All these things led be to believe that the world wasn't made for me, and that I don't belong in this world. But that's not true -  those are all lies that the devil tries to instill in us.  I'm a Christian, and I believe that there are good spirits, and that there are evil spirits.

These days, I embrace who I am, by wearing Afrocentric styles such as locs.  I am a proud queer and trans person - I go to LGBTQ events and socialize with LGBTQ people.  And I'm involved in Autism activism - I'm the chapter leader of Autistic Self Advocacy Network's DC chapter.

I think we all should embrace our differences.  They're what make us unique.

Thanks for reading.  Bye!

Monday, June 13, 2016

My Thoughts on the Shooting at Pulse Nightclub in Orlando

content/trigger warning: gun violence, anti-LGBTQ bigotry, Islamophobia

Early this morning, a shooting took place at Pulse nightclub, a gay club in Orlando, Florida.  fifty people were killed and fifty-three others were wounded in the shooting.  The shooter pledged to ISIS before the shooting.  Apparently, he had something against LGBTQ people - he was disgusted after seeing a same-sex couple kissing.

My heart aches right now.  It seems as if the anti-LGBTQ sentiment is only growing stronger - numerous anti-LGBTQ bills have been introduced into legislation - many have already passed.  Violence against LGBTQ people - especially transgender women of color - is on the rise.  and many faiths are speaking out against the queer community.  We need to stand strong and let them know that we're not going to tolerate this.

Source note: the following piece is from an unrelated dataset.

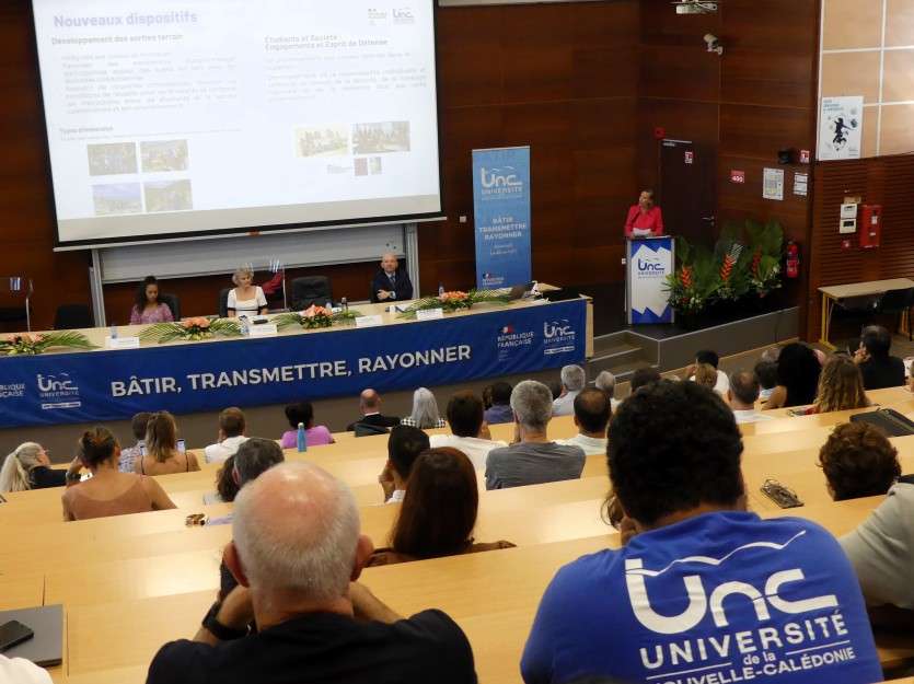 Des élus, des partenaires et des représentants de la société civile ont assisté à la rentrée solennelle de l’UNC, mardi 3 février. Photo Baptiste GouretParmi les grands projets de l’université, une nouvelle infrastructure scientifique pourrait également voir le jour cette année : le Centre de recherche sur les maladies vectorielles, "réponse concrète aux effets du changement climatique" et "pôle d’excellence en entomologie tropicale au service de la santé publique". L’autre programme notable, déjà évoqué l’an dernier : la création d’un Institut d’études politiques (IEP) du Pacifique, intégré au réseau Sciences Po. L’UNC espère ouvrir la formation, étalée sur cinq semestres, dès la rentrée 2027. Avant ça, une "Masterclass" de la science politique dans le Pacifique sera donnée du 22 au 27 juin 2026 à vingt participants (étudiants, agents, élus…) pour commencer à bâtir un réseau dans la région.

The Bible says, "Love your neighbor as yourself."  But that's not what we're doing.  There's too much hate in the world.  We need more love.

Love.  That's the whole story.

If only Jesus came back to comfort us.  Then everything would be all better.

Keep in mind that the religion of Islam is not to blame for this horrendous act of violence.  There are good and bad people of all kinds of faiths.  So it's unfair to single out just one religion for their actions.

That's all I have to say for now.  Stay strong, stay in prayer and keep your head up.